Его поход на Рим был первым шагом в этой войне. Ночью ему открыли ворота, и он вошел без единого выстрела. Держа речь перед собравшимися гражданами, Луций призвал наказать Октавиана и Лепида за диктаторский режим правления и пообещал и это очень важно, что Марк Антоний выйдет из триумвирата и примет на себя традиционную и конституционную должность консула в соответствии с древними римскими законами вместо незаконной тирании, которую он теперь представляет. Эта речь была воспринята с удовлетворением в некоторых кварталах, и полагали, что власти триумвиров пришел конец.
А Марк Антоний, разве он давал полномочия Луцию делать такие заявления от своего имени? Весьма сомнительно. Возможно, Октавиан порой в этом сомневался. Такое поведение Луция не вызвало восторга среди ветеранов Антония и его лидеров. Он совершил большую ошибку, вмешавшись в армейский конфликт с неясным исходом, с весьма подозрительными претензиями и тем вызвал недоверие многих высших армейских офицеров. Зато он получил горячее одобрение слоев, которые еще никогда никого успешно не поддерживали.

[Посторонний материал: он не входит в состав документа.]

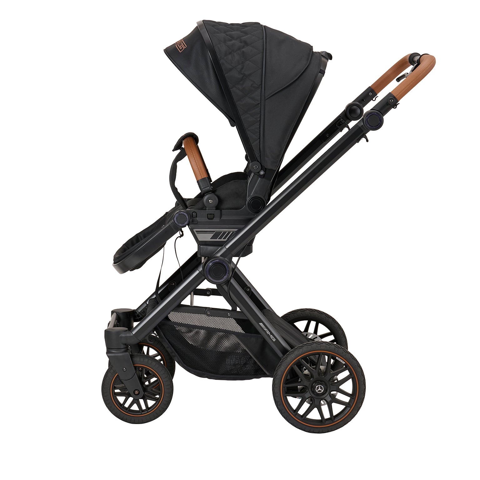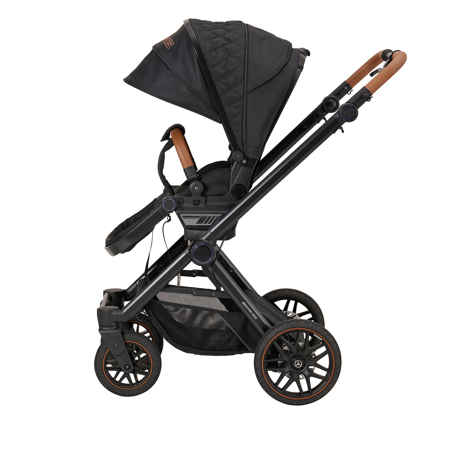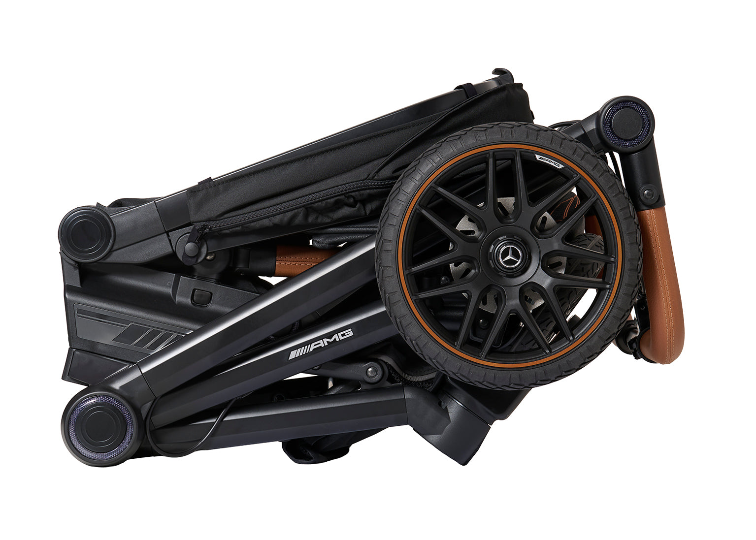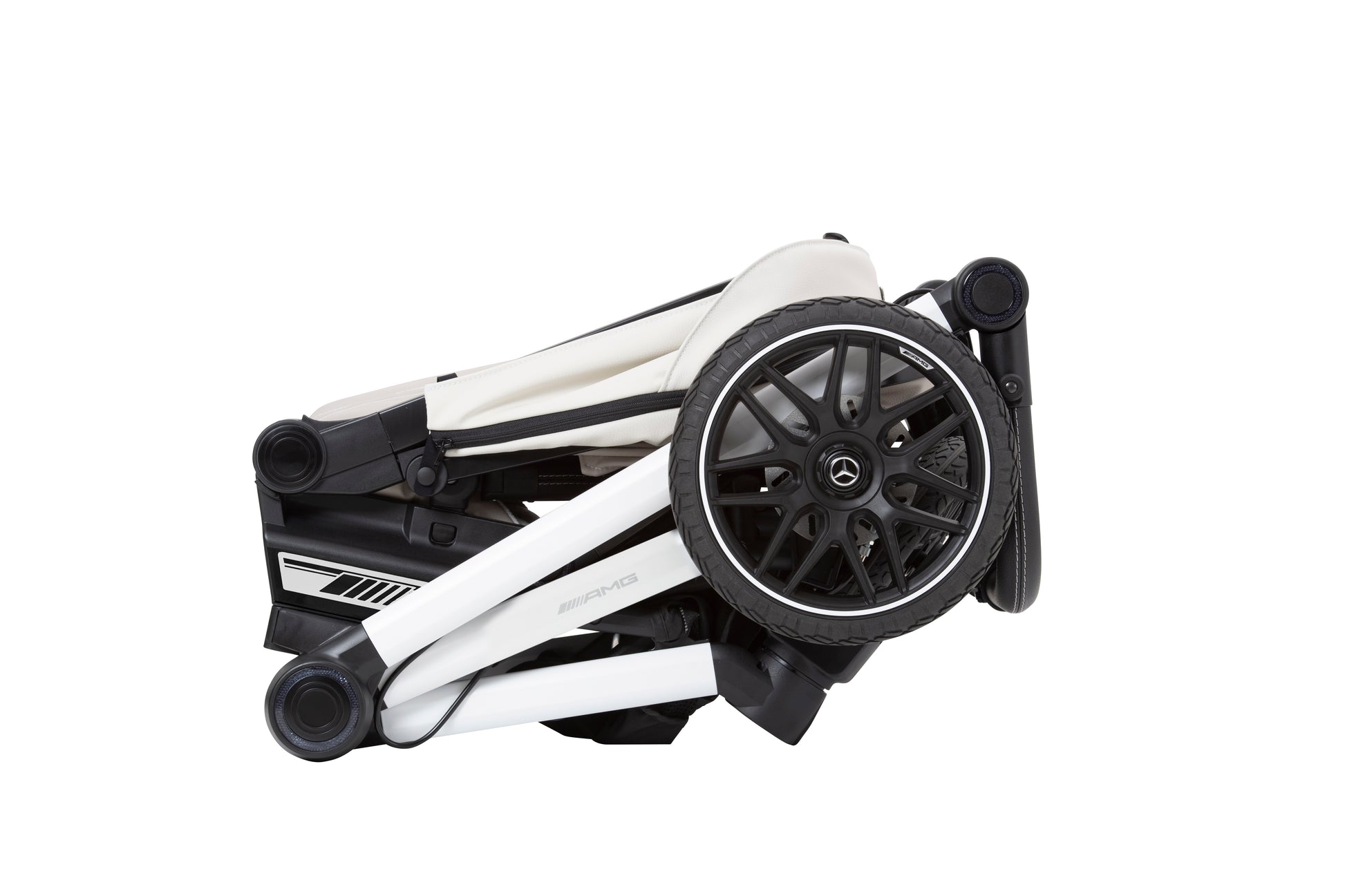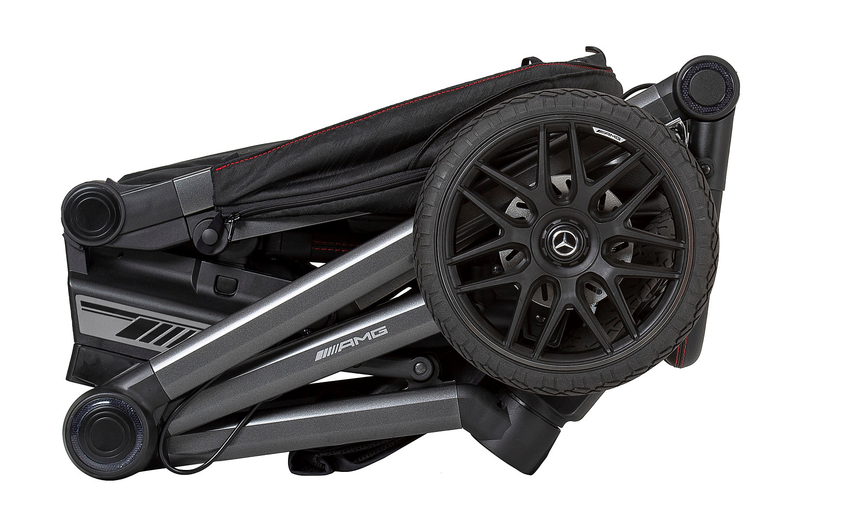 Mit einem kompakten Faltmaß von 71 x 58,5 x 32 cm lässt sich der AMG GT² pushchair samt Sitzeinheit blitzschnell zusammenklappen – ideal für unterwegs und für kleine Kofferräume. Die hochwertigen Schwenkräder mit Federung meistern jedes Terrain, während die Kreuzspeichenfelgen im original AMG Design für eine unverwechselbare Optik sorgen.

Перузийская кампания. Луций совершает маневр. Луций в Перузии. Перузия сдается. Голод
Последовавшая за этим кампания была спланирована сильным и острым умом, который лишь теперь выходит на арену борьбы, Марком Випсанием Агриппой. Он обладал и умением, и твердостью, которых в делах войны не было у Октавиана. Агриппа был из тех юношей, которых еще Юлий подобрал для компании племянника. Он был с ним в Аполлонии, а затем последовал за ним в Италию и в Филиппы. Сам он также был очень молодым человеком, между ним и Октавианом была разница в год. Большой удачей было еще и то, что он смотрел на вещи точно так же, как и Октавиан, и реакции у них были одинаковыми, и он решал проблемы именно так, как того требовал Октавиан. Ему не были свойственны холодность, рефлективность и физические недостатки Октавиана. Он был крепким парнем, типичным римским плебеем в своей решительности, в своем открытом характере. Лишенный какого-либо проблеска гениальности, он как нельзя лучше подходил на роль полководца, который мог с блеском осуществлять чужие идеи. При первых признаках враждебности молодой Октавиан, как по волшебству, начинал в себе сомневаться, а другой юноша с решительным подбородком, смелыми серыми глазами и сжатыми губами всегда находился рядом как раз в таком человеке нуждался Октавиан в силу особенностей своего характера. У Агриппы был дар заставлять людей действовать. Он даже Октавиана заставлял браться за дело с удвоенной энергией, что мы уже и могли заметить.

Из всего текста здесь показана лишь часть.